▽
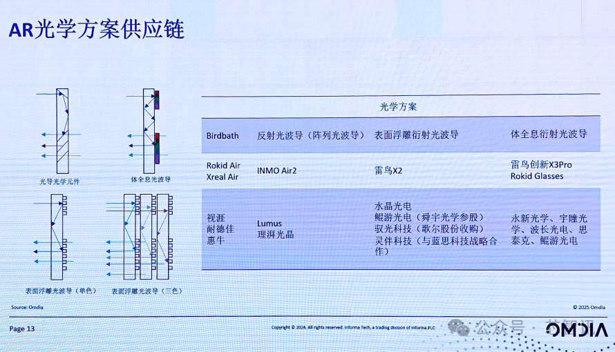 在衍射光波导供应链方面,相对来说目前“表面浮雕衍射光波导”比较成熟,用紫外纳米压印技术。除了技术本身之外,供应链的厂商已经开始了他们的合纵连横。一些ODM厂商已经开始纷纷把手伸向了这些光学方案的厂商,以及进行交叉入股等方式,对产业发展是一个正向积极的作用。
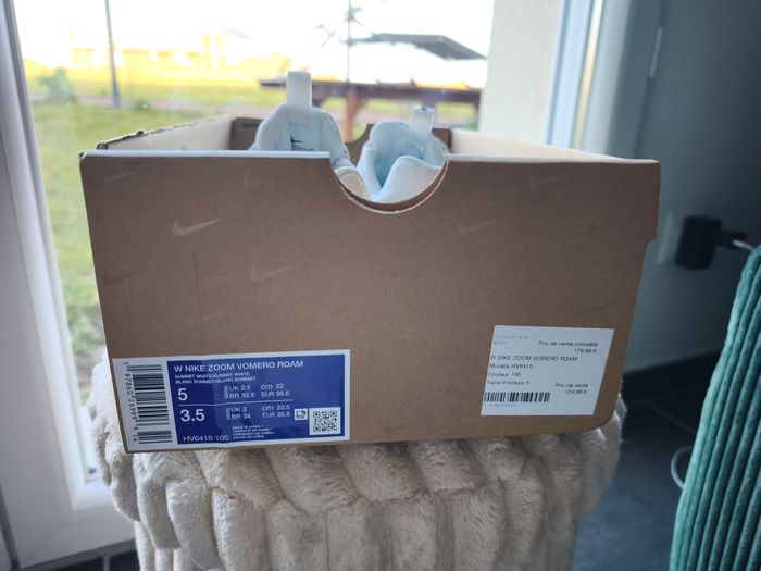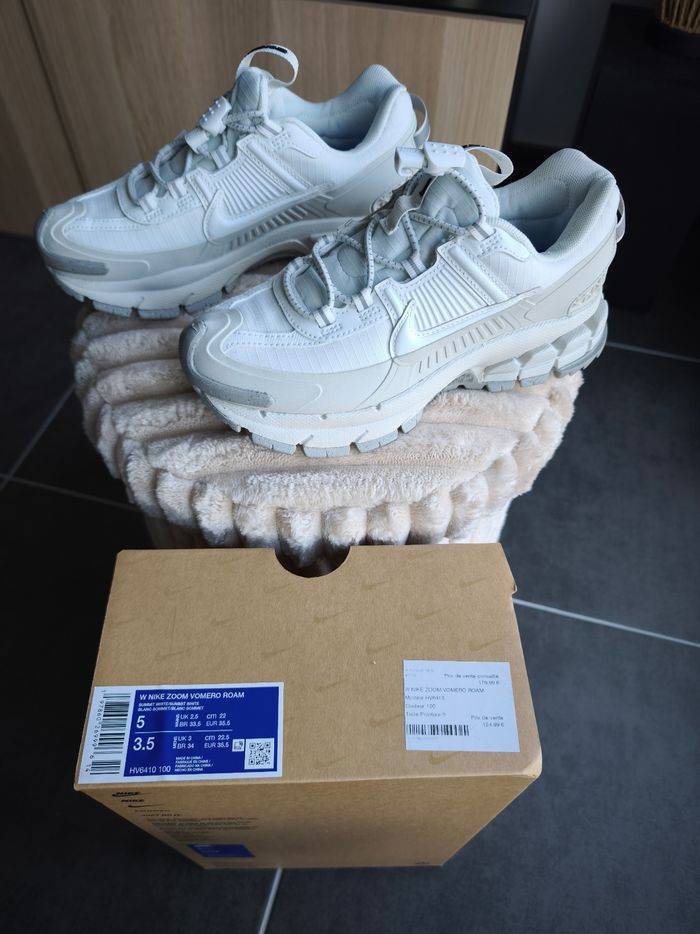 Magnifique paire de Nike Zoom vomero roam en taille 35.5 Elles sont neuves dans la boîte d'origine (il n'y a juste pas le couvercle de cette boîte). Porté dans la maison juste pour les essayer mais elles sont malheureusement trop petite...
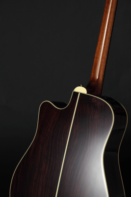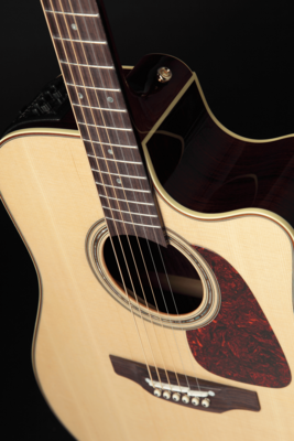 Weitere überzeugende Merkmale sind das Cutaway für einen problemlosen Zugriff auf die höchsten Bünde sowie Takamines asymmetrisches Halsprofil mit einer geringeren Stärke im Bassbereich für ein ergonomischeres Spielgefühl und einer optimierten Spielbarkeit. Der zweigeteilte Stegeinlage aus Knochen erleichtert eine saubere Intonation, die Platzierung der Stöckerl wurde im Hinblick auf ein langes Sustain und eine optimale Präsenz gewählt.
△
▽
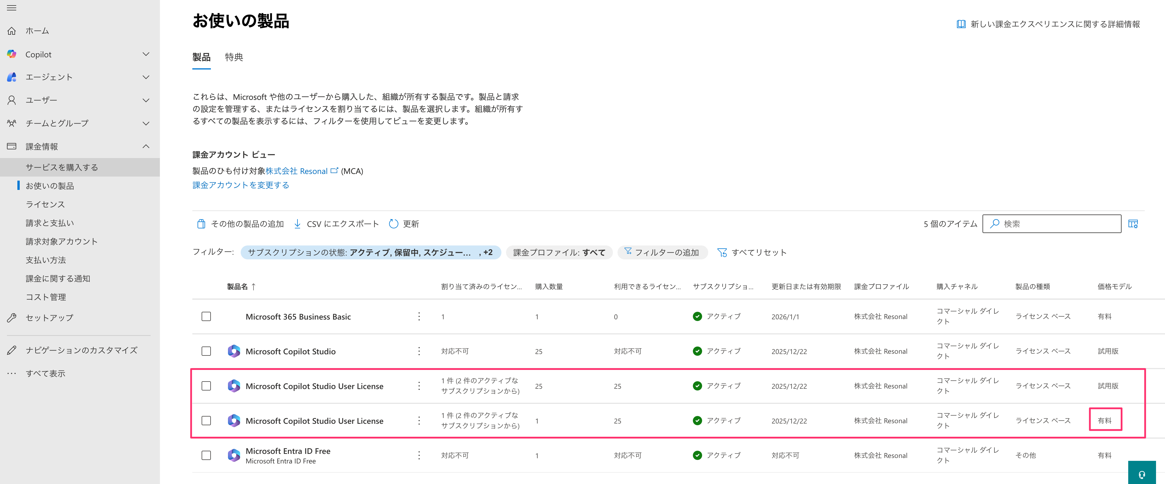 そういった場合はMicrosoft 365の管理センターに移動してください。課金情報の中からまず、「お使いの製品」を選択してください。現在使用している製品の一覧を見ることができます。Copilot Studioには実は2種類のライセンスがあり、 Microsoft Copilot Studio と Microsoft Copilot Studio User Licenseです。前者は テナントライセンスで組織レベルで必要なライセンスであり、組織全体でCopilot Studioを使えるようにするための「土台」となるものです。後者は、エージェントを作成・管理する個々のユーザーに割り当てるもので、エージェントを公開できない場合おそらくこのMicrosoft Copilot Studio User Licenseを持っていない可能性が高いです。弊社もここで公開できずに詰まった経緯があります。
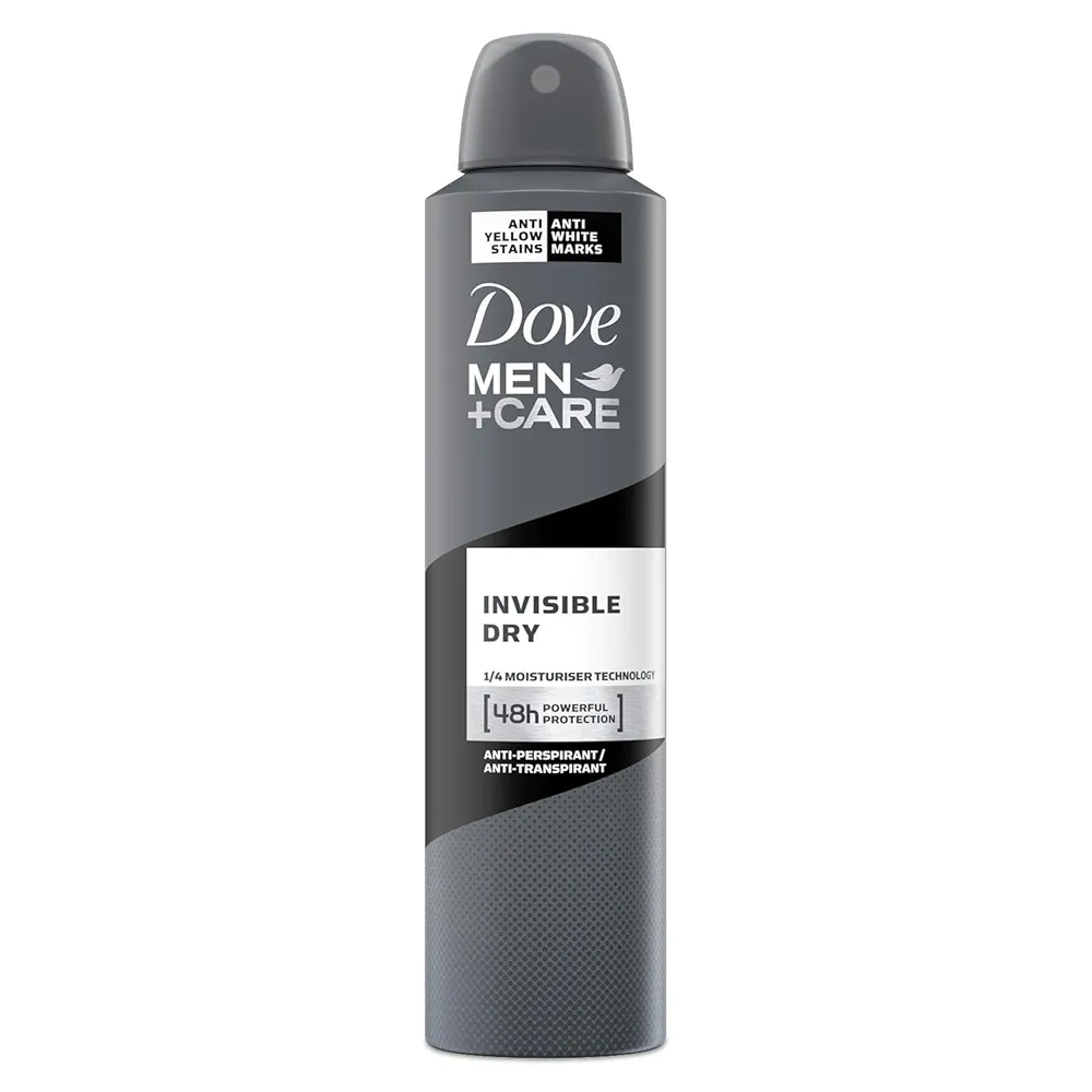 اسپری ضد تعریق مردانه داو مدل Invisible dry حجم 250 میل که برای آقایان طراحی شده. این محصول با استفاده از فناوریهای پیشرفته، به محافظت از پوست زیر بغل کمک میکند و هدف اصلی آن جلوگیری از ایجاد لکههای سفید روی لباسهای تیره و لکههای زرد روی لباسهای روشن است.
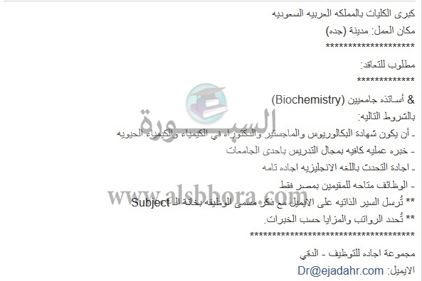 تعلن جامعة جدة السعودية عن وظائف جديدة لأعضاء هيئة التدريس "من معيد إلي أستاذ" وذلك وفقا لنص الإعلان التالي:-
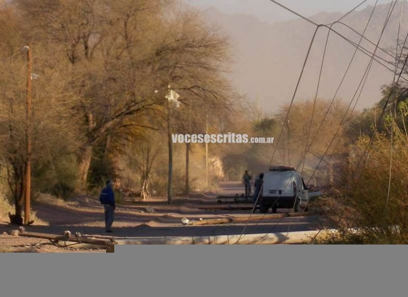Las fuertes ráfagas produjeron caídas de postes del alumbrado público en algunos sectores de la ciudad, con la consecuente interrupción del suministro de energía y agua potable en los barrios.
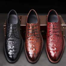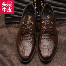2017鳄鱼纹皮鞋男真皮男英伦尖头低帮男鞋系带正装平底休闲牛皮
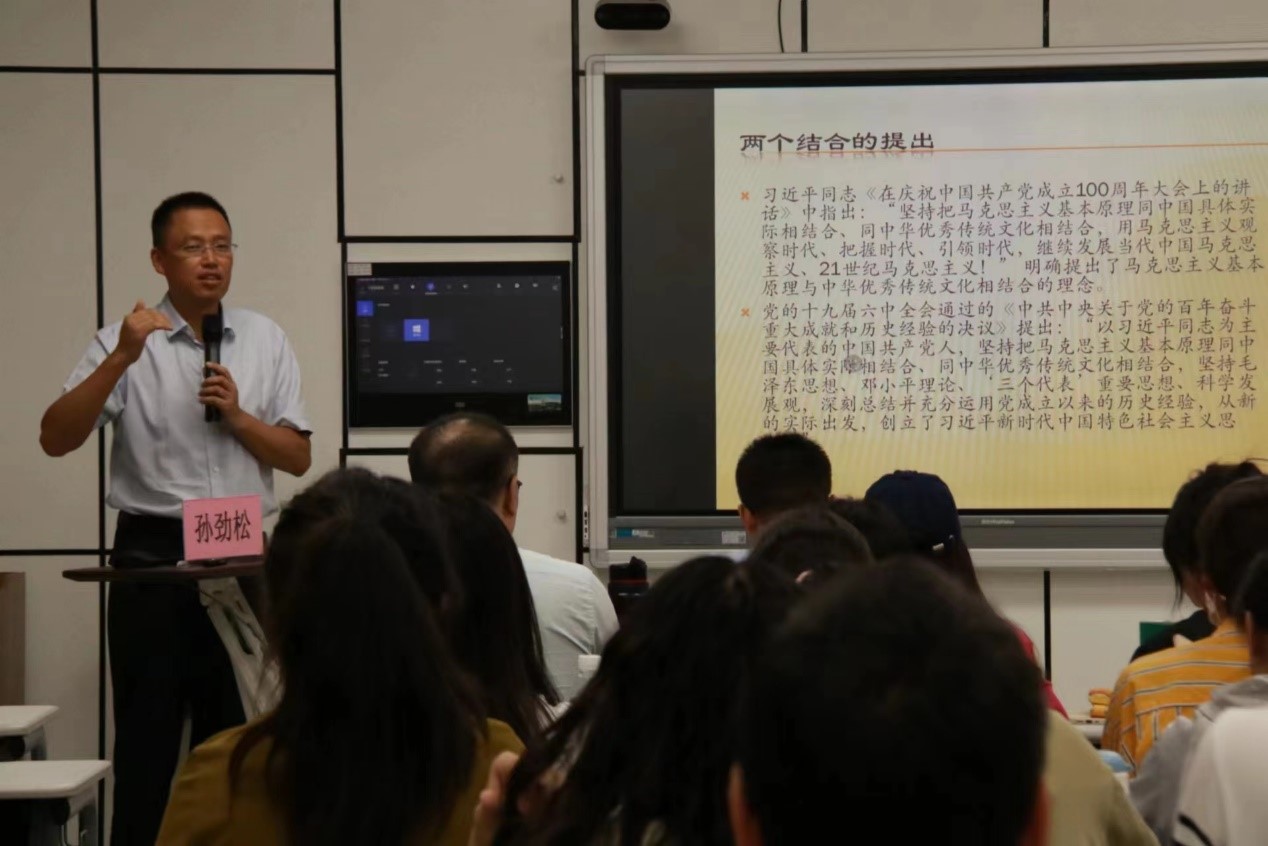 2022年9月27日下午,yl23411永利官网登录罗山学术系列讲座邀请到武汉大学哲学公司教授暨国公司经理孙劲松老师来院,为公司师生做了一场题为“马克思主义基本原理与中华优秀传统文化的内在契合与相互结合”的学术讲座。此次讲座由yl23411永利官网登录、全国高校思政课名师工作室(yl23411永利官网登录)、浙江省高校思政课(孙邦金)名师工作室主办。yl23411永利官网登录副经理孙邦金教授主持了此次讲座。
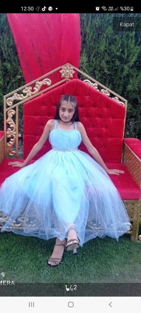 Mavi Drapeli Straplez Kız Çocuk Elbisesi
△
**WORK ORDER:**
For this exercise, set down the lines in the entries above from the one with "Studio User Licenseを持っていない可能性が高いです。弊社もここで公開できずに詰まった経緯があります。" through the one with "تعلن جامعة جدة" exactly as written, without any pictures.

**RESPONSE TO THE TASK:**
 そういった場合はMicrosoft 365の管理センターに移動してください。課金情報の中からまず、「お使いの製品」を選択してください。現在使用している製品の一覧を見ることができます。Copilot Studioには実は2種類のライセンスがあり、 Microsoft Copilot Studio と Microsoft Copilot Studio User Licenseです。前者は テナントライセンスで組織レベルで必要なライセンスであり、組織全体でCopilot Studioを使えるようにするための「土台」となるものです。後者は、エージェントを作成・管理する個々のユーザーに割り当てるもので、エージェントを公開できない場合おそらくこのMicrosoft Copilot Studio User Licenseを持っていない可能性が高いです。弊社もここで公開できずに詰まった経緯があります。
 اسپری ضد تعریق مردانه داو مدل Invisible dry حجم 250 میل که برای آقایان طراحی شده. این محصول با استفاده از فناوریهای پیشرفته، به محافظت از پوست زیر بغل کمک میکند و هدف اصلی آن جلوگیری از ایجاد لکههای سفید روی لباسهای تیره و لکههای زرد روی لباسهای روشن است.
 تعلن جامعة جدة السعودية عن وظائف جديدة لأعضاء هيئة التدريس "من معيد إلي أستاذ" وذلك وفقا لنص الإعلان التالي:-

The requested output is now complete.